## Work order
Omit all pictures. Reproduce exactly the lines from the first line of the records below through the line with "- Floral printed saree with zari borderĀ".

## Input records

□ □ □ □

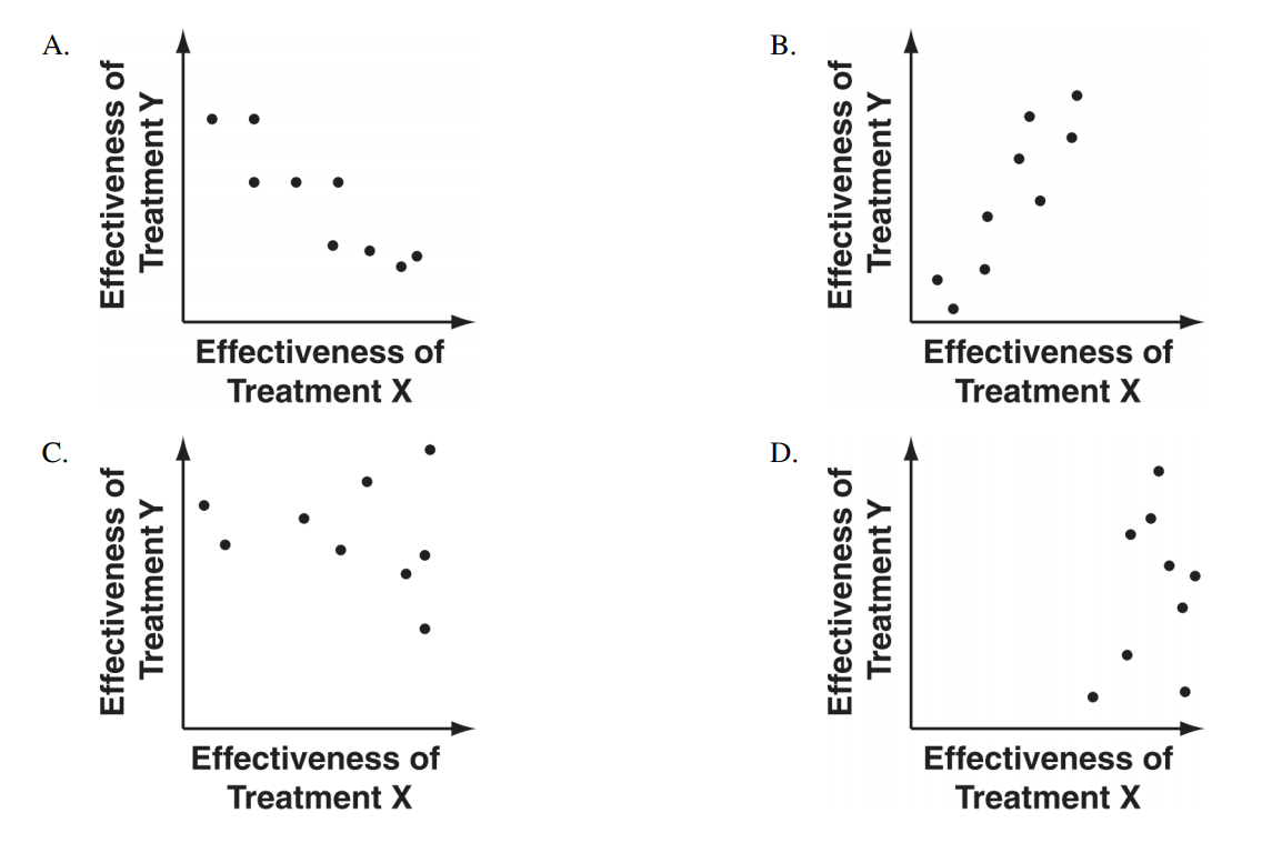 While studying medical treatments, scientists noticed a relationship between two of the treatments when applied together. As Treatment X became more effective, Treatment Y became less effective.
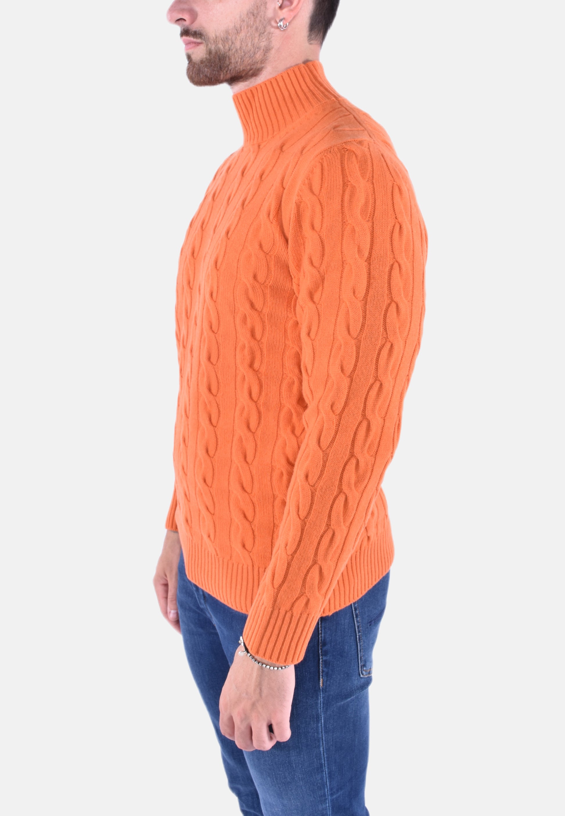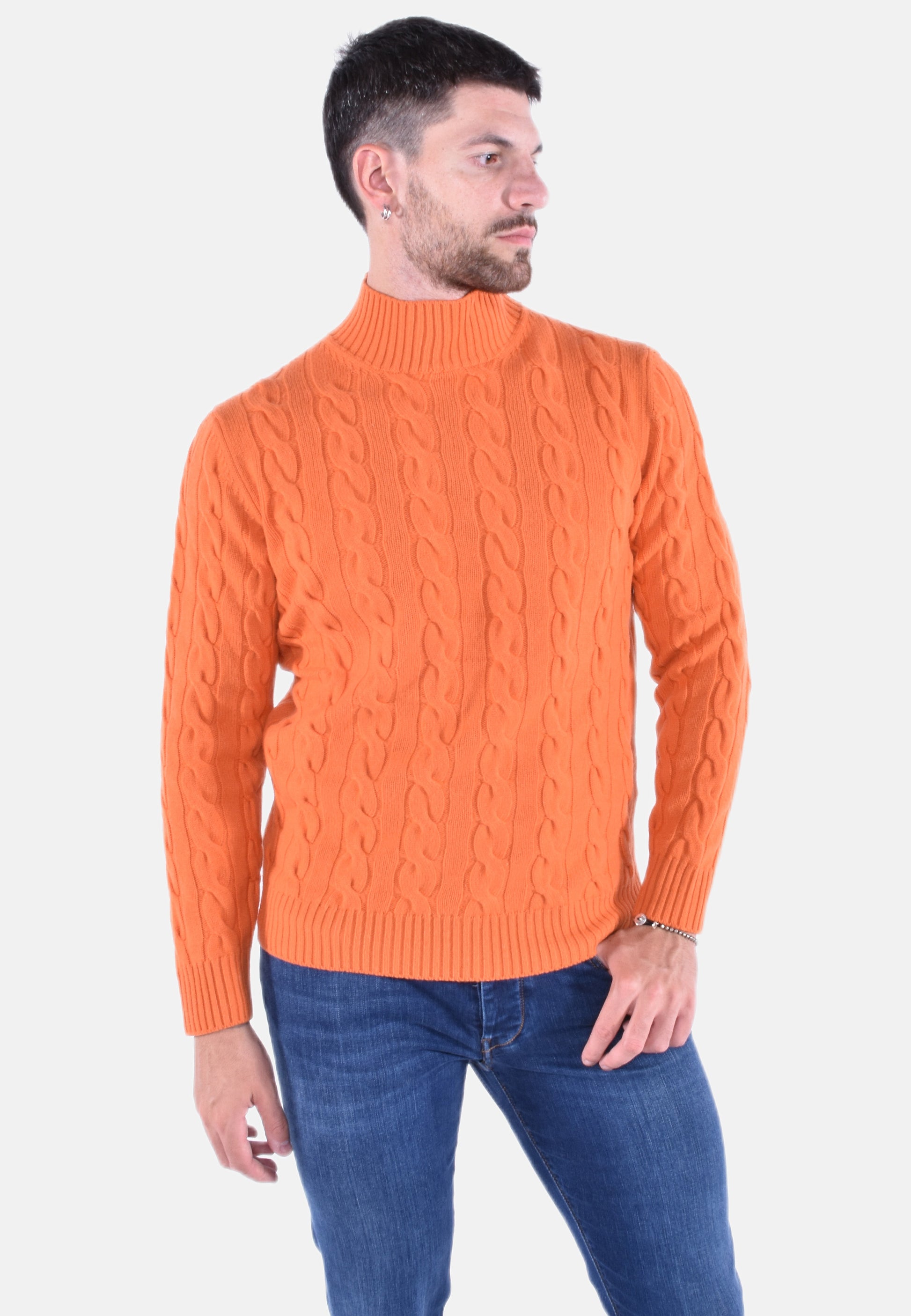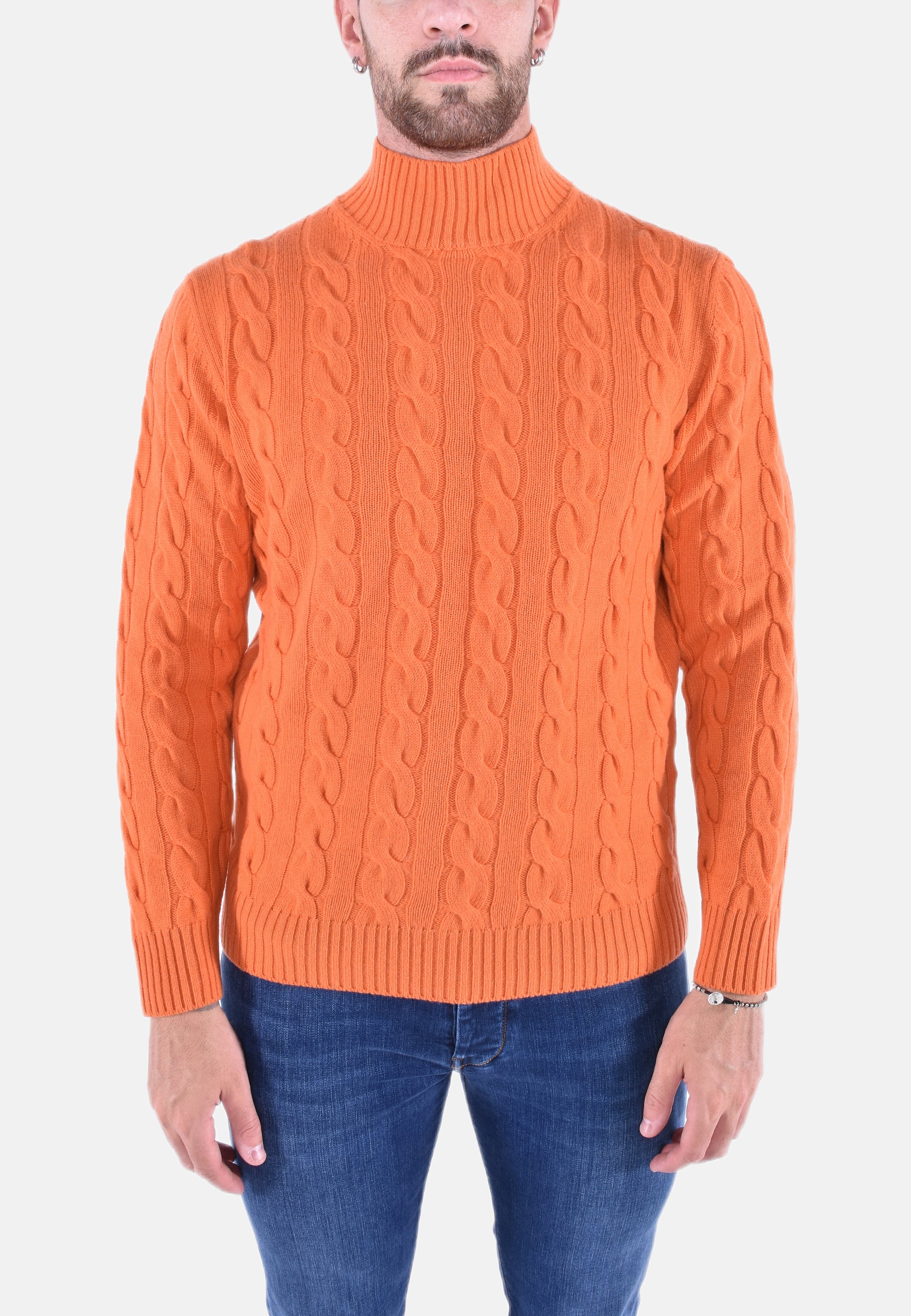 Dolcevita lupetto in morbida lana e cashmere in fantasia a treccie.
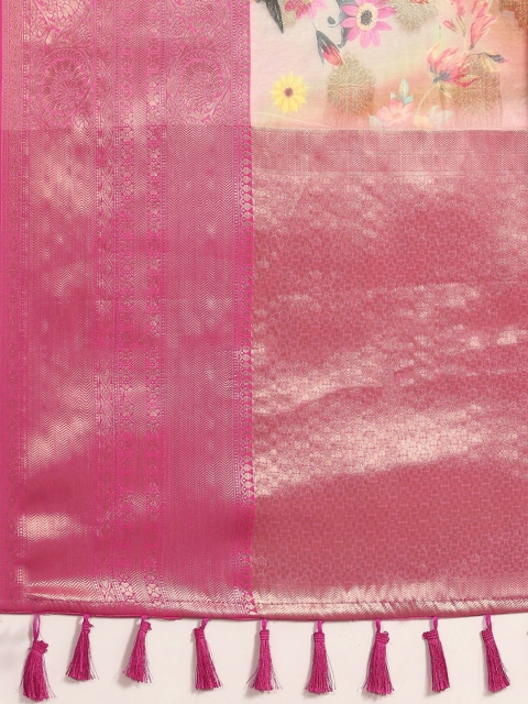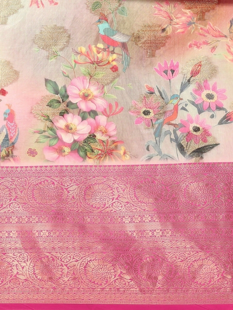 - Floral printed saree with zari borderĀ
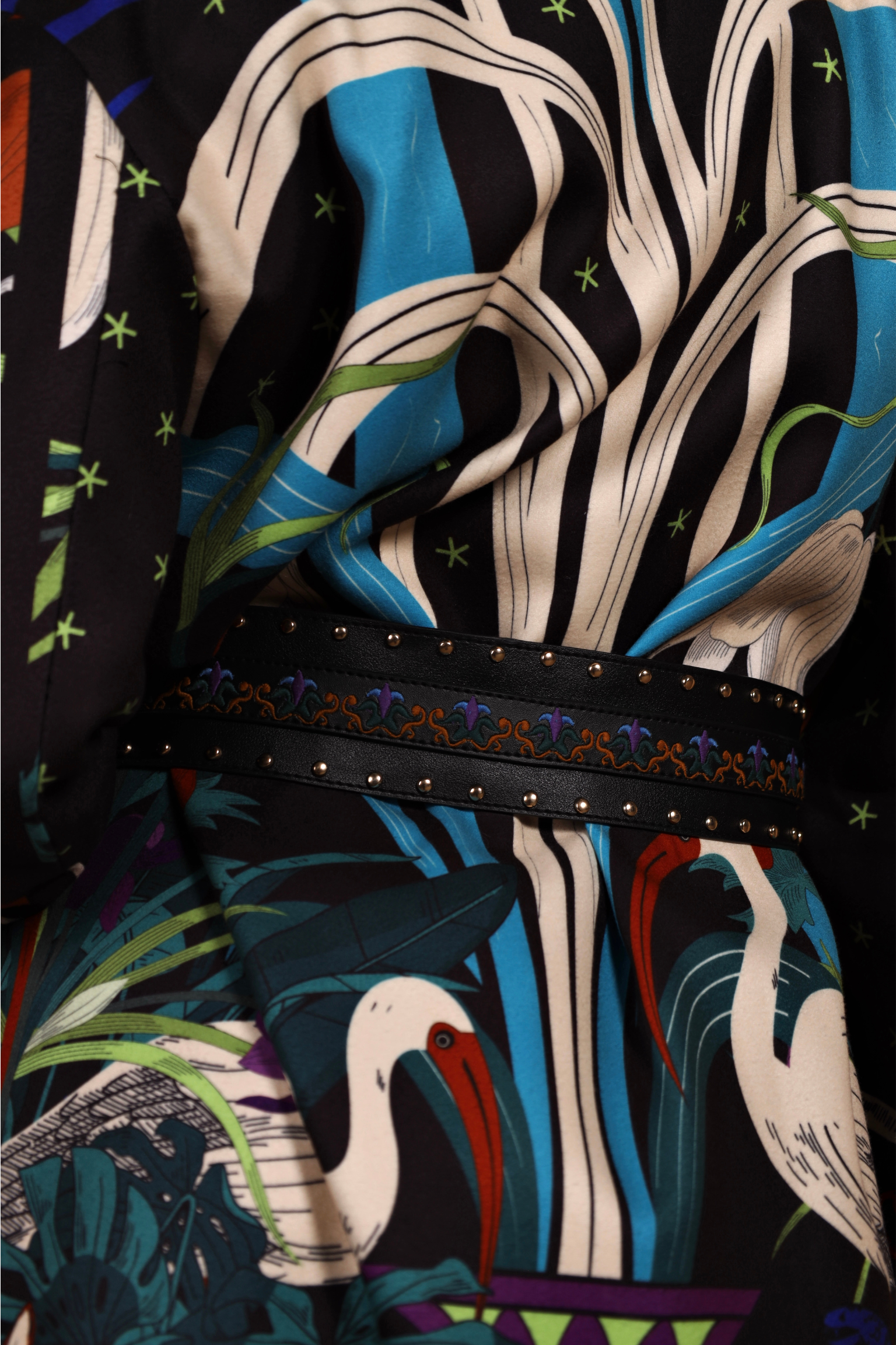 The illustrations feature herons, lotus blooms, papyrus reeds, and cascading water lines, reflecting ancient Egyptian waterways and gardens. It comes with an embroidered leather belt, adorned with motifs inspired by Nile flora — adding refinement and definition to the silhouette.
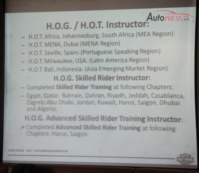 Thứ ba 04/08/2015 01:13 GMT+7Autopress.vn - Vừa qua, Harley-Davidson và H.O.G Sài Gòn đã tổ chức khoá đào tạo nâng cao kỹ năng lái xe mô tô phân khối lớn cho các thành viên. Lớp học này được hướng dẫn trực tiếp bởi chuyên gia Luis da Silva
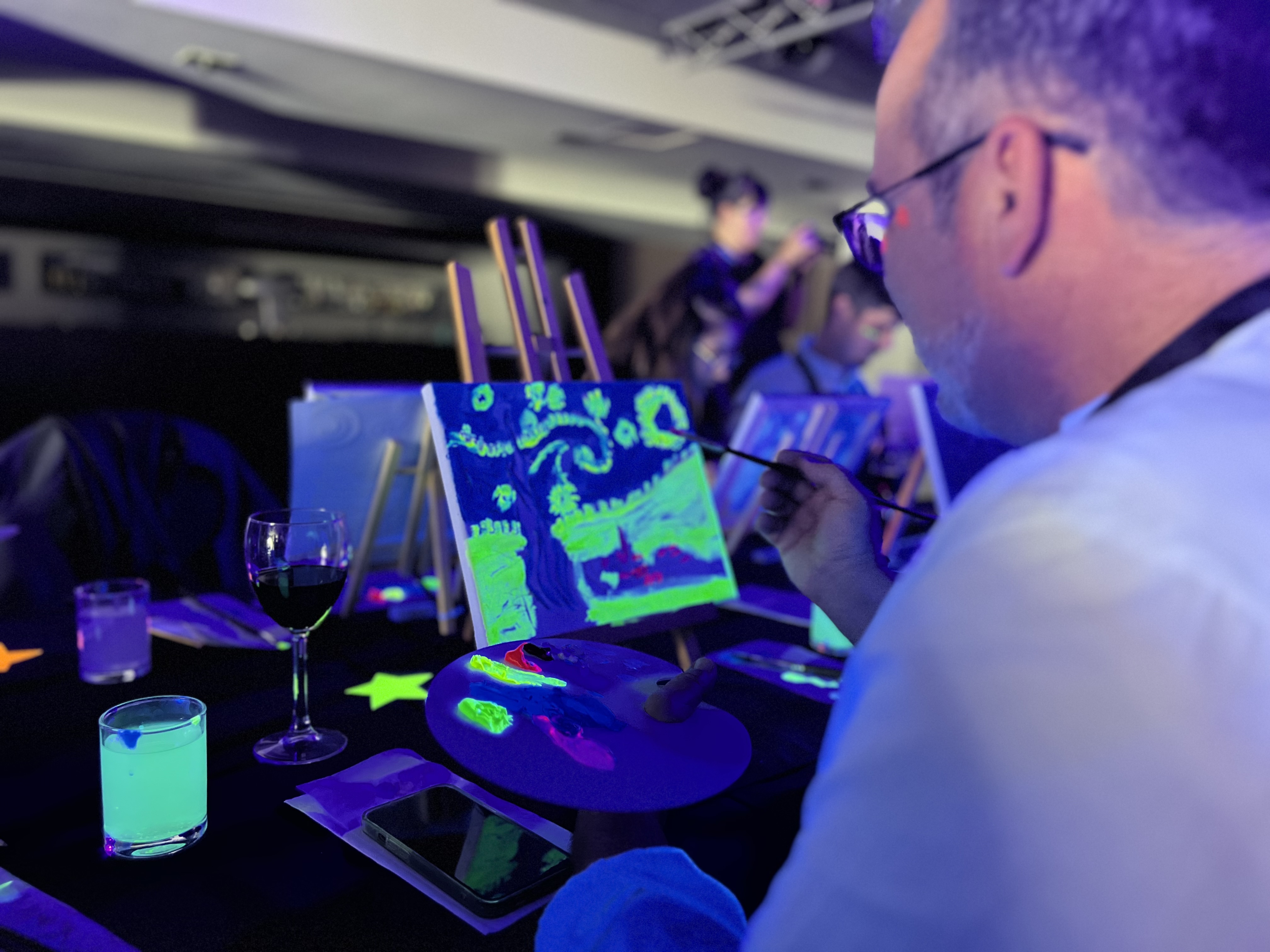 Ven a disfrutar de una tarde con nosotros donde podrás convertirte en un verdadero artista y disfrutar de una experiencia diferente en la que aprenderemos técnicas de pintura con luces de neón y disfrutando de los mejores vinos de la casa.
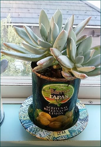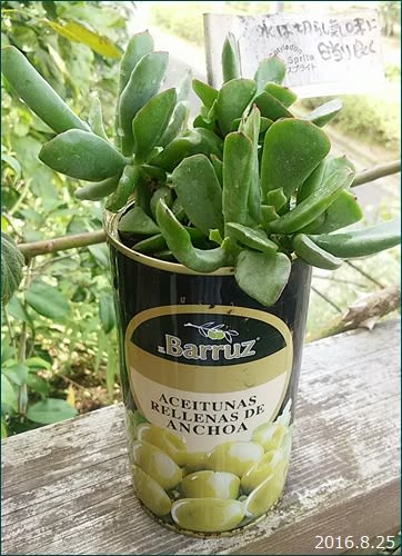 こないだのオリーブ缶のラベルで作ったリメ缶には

□ □ □ □

## Task solution
 While studying medical treatments, scientists noticed a relationship between two of the treatments when applied together. As Treatment X became more effective, Treatment Y became less effective.
 Dolcevita lupetto in morbida lana e cashmere in fantasia a treccie.
 - Floral printed saree with zari borderĀ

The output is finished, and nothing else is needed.